# how to lose belly fat??



## VJ01 (Apr 20, 2008)

hello guys i wonder if you give me some help on losing some belly fat, i've been training for the last 2 years, i'm lean all over, except my stomach, i'm a 38inch waist. I do intense training i.e i'll do 20mins cardio by putting it on incline 10 & speed at 10 and sprinting 30 sec, resting 30 secs, sprinting 30secs etc. i'll do this for a total of 20 mins then move onto the cross trainer and do this also for another 20mins i'll start with level 3 and put the level up every min as the time goes up, once it has reached 10mins, i'll do it in reverse and drop the resistance by every minute as time goes up. This is one day i'll do, the next time i go to the gym i'll do boxing with my mate, i'll do 10 mins on the treadmill with the same principle as above, then do 3mins sparring on the bag, then 1min burbpee's, rest for 1min, then 3mins on the bag, 1min pressups, rest for 1min, then 3mins bag again 1min leg raises, and stomach crunches and 1min rest. after i'll swap with my mate and 3x 3min skipping rest for 1min. the next time i go to the gym i do the treadmill 10min thing again, and we'll do a chest workout, i do a minimum of 12 reps and max 4 sets each exercise.

I'm 38inch waist, 5ft 10, weighing about 85kg, i'm lean on my arms, legs, back and upper chest, i just can't seem to shift my belly fat, i'm completely lost with it.

my diet,

breastfast: Porridge in water, with a scoop of whey

morning snack: wholemeal bagel, low fat mayo, low fat cheese, 10slices of chicken, 1/2 tomato or cucumber & an apple

lunch: 200g chicken breast, veg, wholemeal pasta or sometimes sweet potatoes, 1x vitamin c drink, 1x cod liver oil tablet

afternoon snack: peanut butter on one slice of multiseed bread

dinner: 200g chicken breast or 2 pieces of salmon, sweet potatoe, veg and salad

30mins before bed i'll have a casein shake

i drink 1 big bottle of water during the day, and at least have two cups of coffee white no sugar.

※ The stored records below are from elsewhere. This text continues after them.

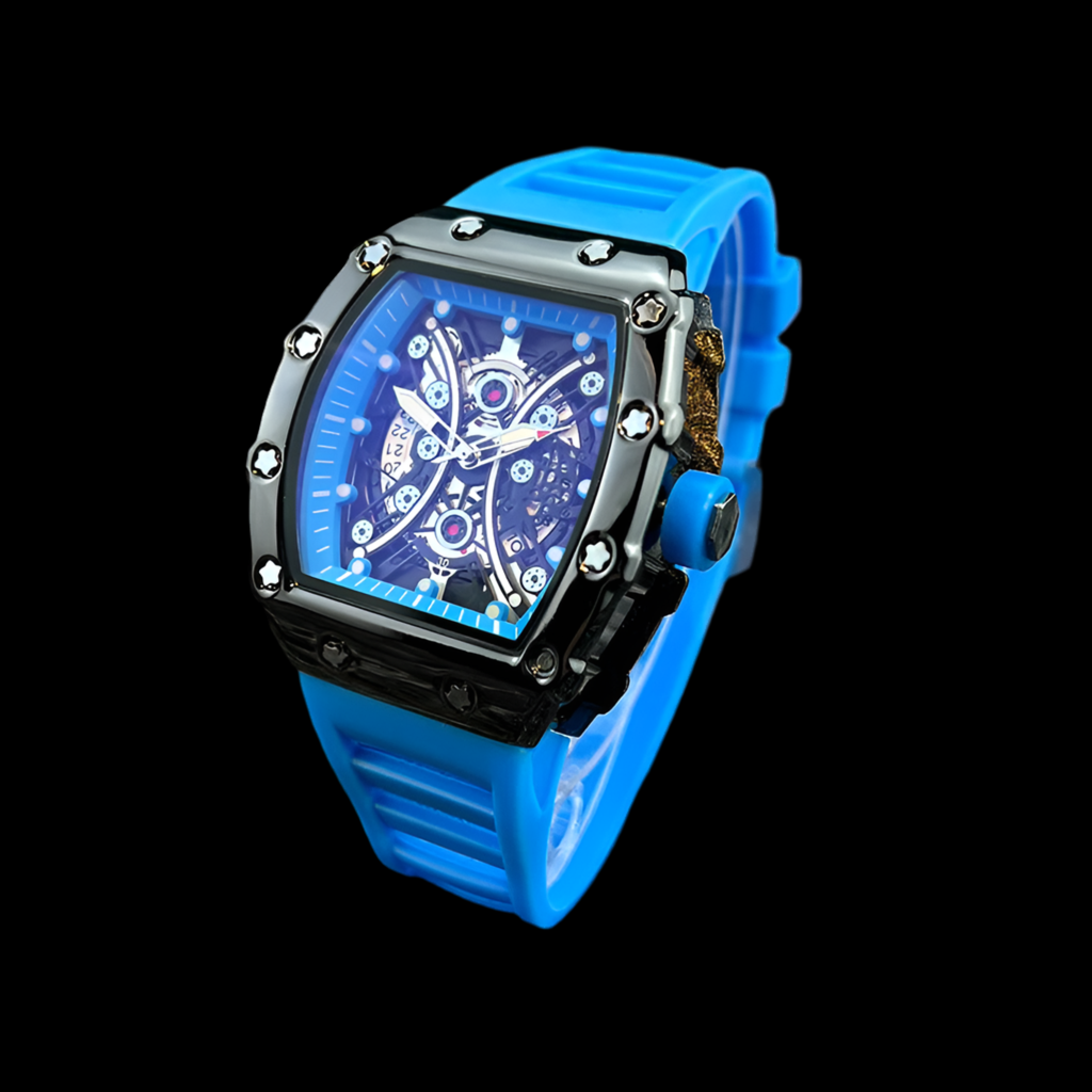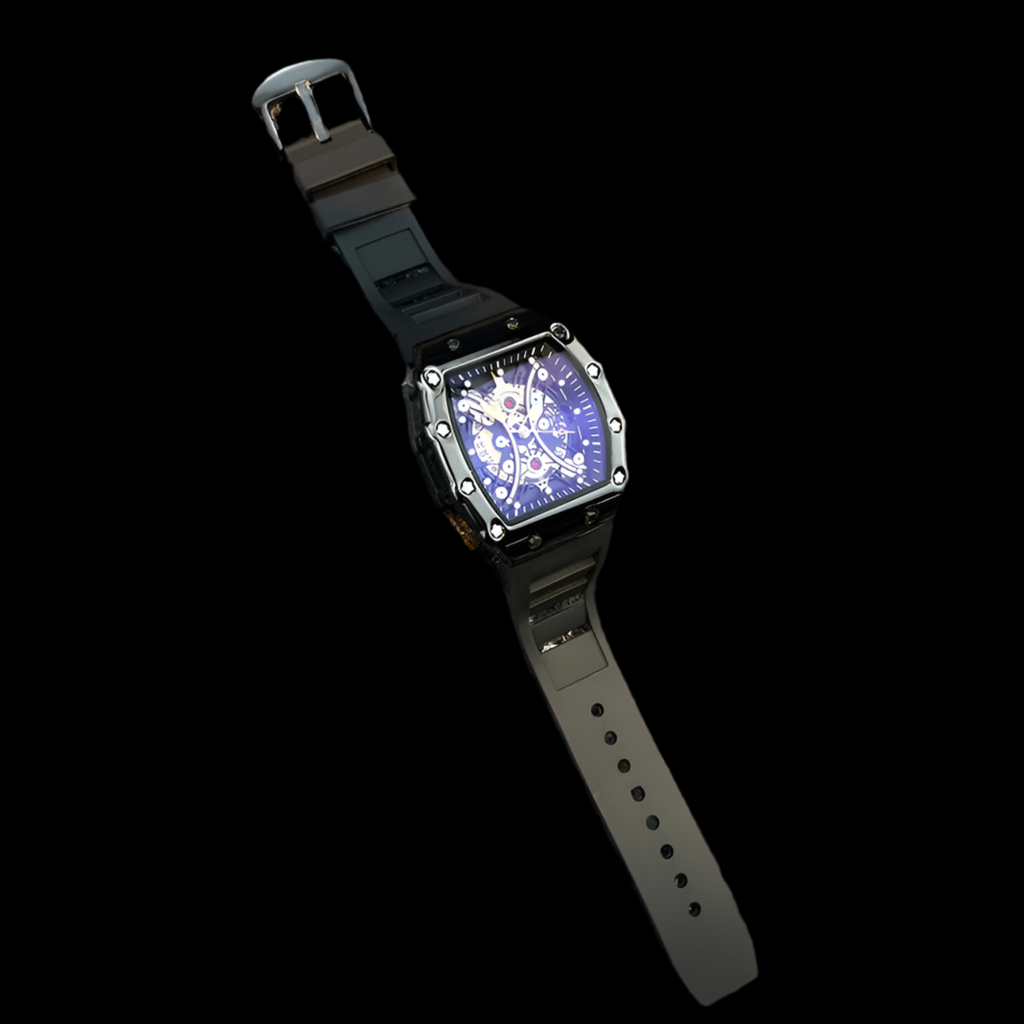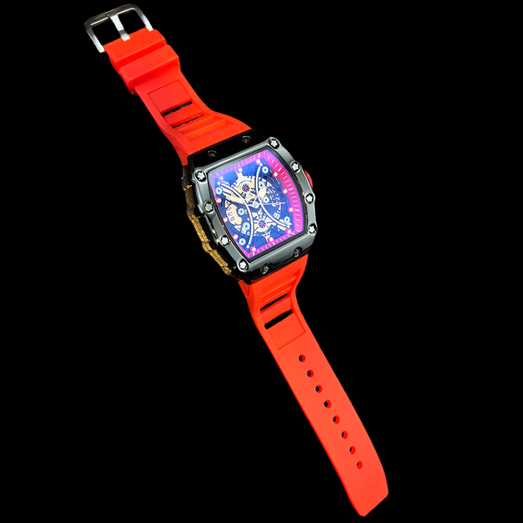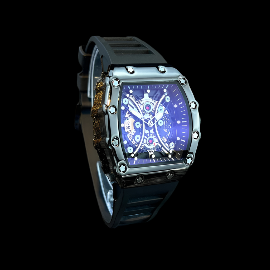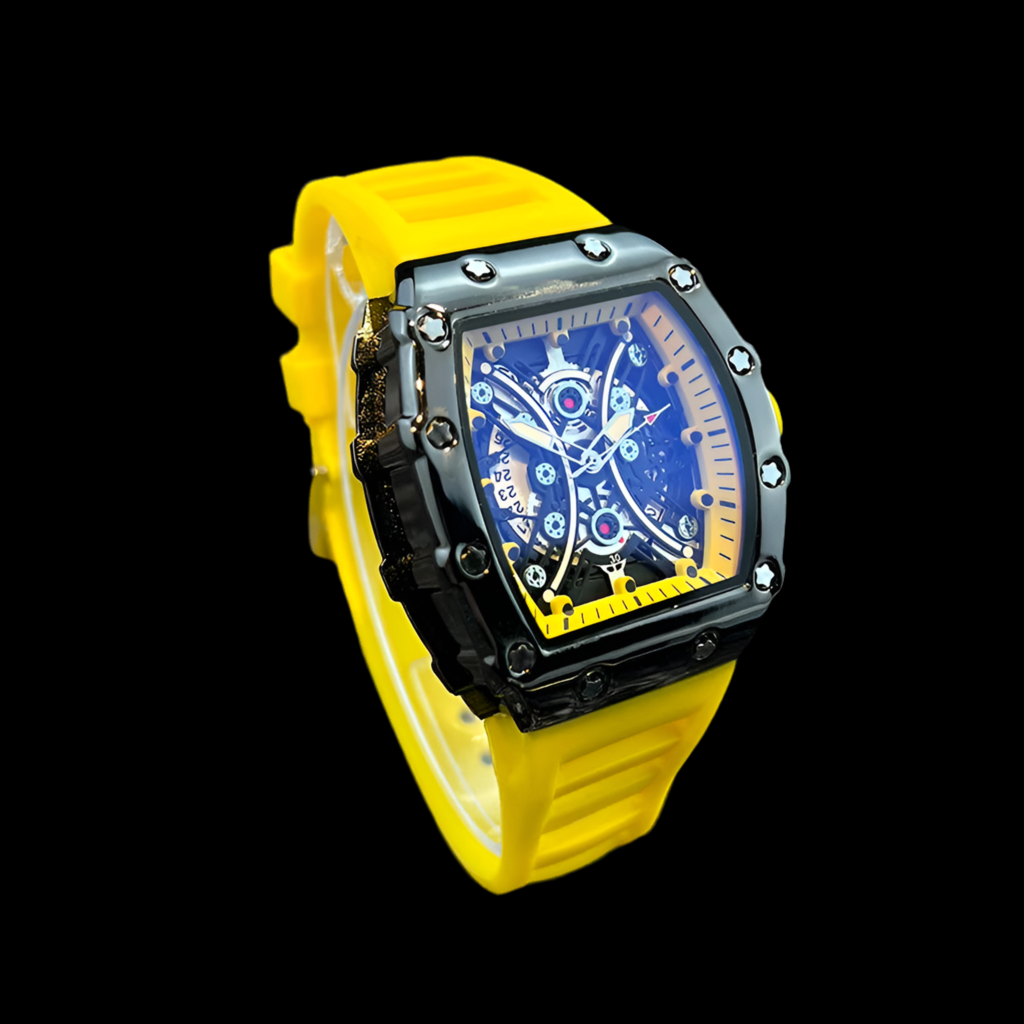 Stand Out in Style – A Barrel-Dial Sports Watch with Luminous Detail and Sleek Calendar Functionality.
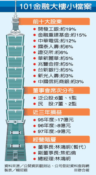 臺北101股東結(jié)構(gòu)中,泛中信集團(tuán)包括開發(fā)金、中國信托銀行與中國人壽等三家公司,合計(jì)持有約二成五股權(quán),中壽與中信銀是否跟進(jìn)釋股有待觀察。
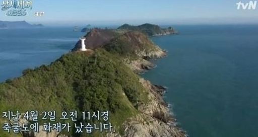 화면 속에는 지난 4월2일 오전 11시 발생한 화재로 섬의 한 부분이 검게 탄 모습을 하고 있어 안타까움을 자아냈다.
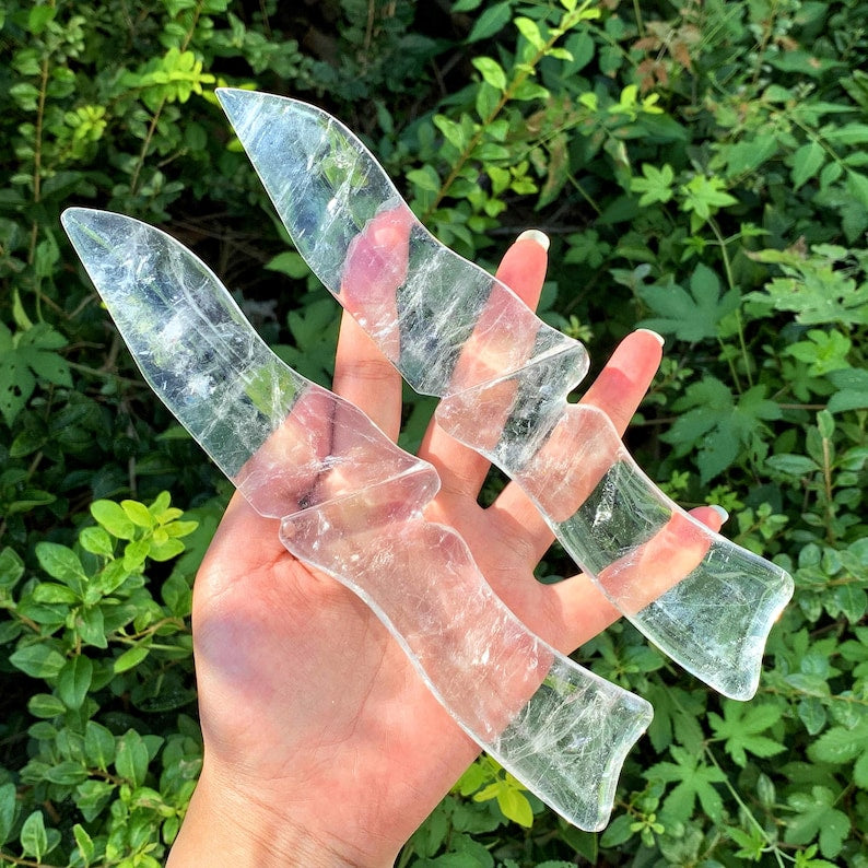 Material: Made from high-quality Clear Quartz, known for its transparency and mesmerizing beauty, this knife showcases the natural allure of the stone in every detail.

Sorry for the long winded post, i wanted to give you as much info as possible, if you have any tips of any ideas of helping me shifting this weight, it'll be much appreciated,

regards

Vijay Suman


----------



## bayman (Feb 27, 2010)

You can't spot reduce fat unfortunately mate, and I doubt you're as lean as you think if you have a 38inch waist.

You probably need to have a good look at the beginner stickies including how to train properly. Diet will dictate results in the main, any idea of your calorie or macro breakdown of the above meals?


----------



## Malibu (May 13, 2010)

How to lose belly fat

1. Figure out how to get your diet perfect

2. Fat is now gone


----------



## geeby112 (Mar 15, 2008)

Get a pic up.

38" waste while being lean everywhere else is different.


----------



## bayman (Feb 27, 2010)

geeby112 said:


> 38" waste while being lean everywhere else is different.


Or most probably inaccurate.


----------



## Craig660 (Dec 8, 2005)

Get on the DNP , problem solved


----------



## raptordog (Oct 9, 2008)

Waist pic's or you aint got one..... 

How old are you and do you drink alcohol at all. ps (wanting pic's and asking your age.........no **** interest lol)


----------



## bayman (Feb 27, 2010)

Craig660 said:


> Get on the DNP , problem solved


Yay, let's just recommend pretty dangerous drugs to anyone regardless of experience! Idiot.


----------



## Bish83 (Nov 18, 2009)

38inch waist but lean all over could mean he is just really bloated.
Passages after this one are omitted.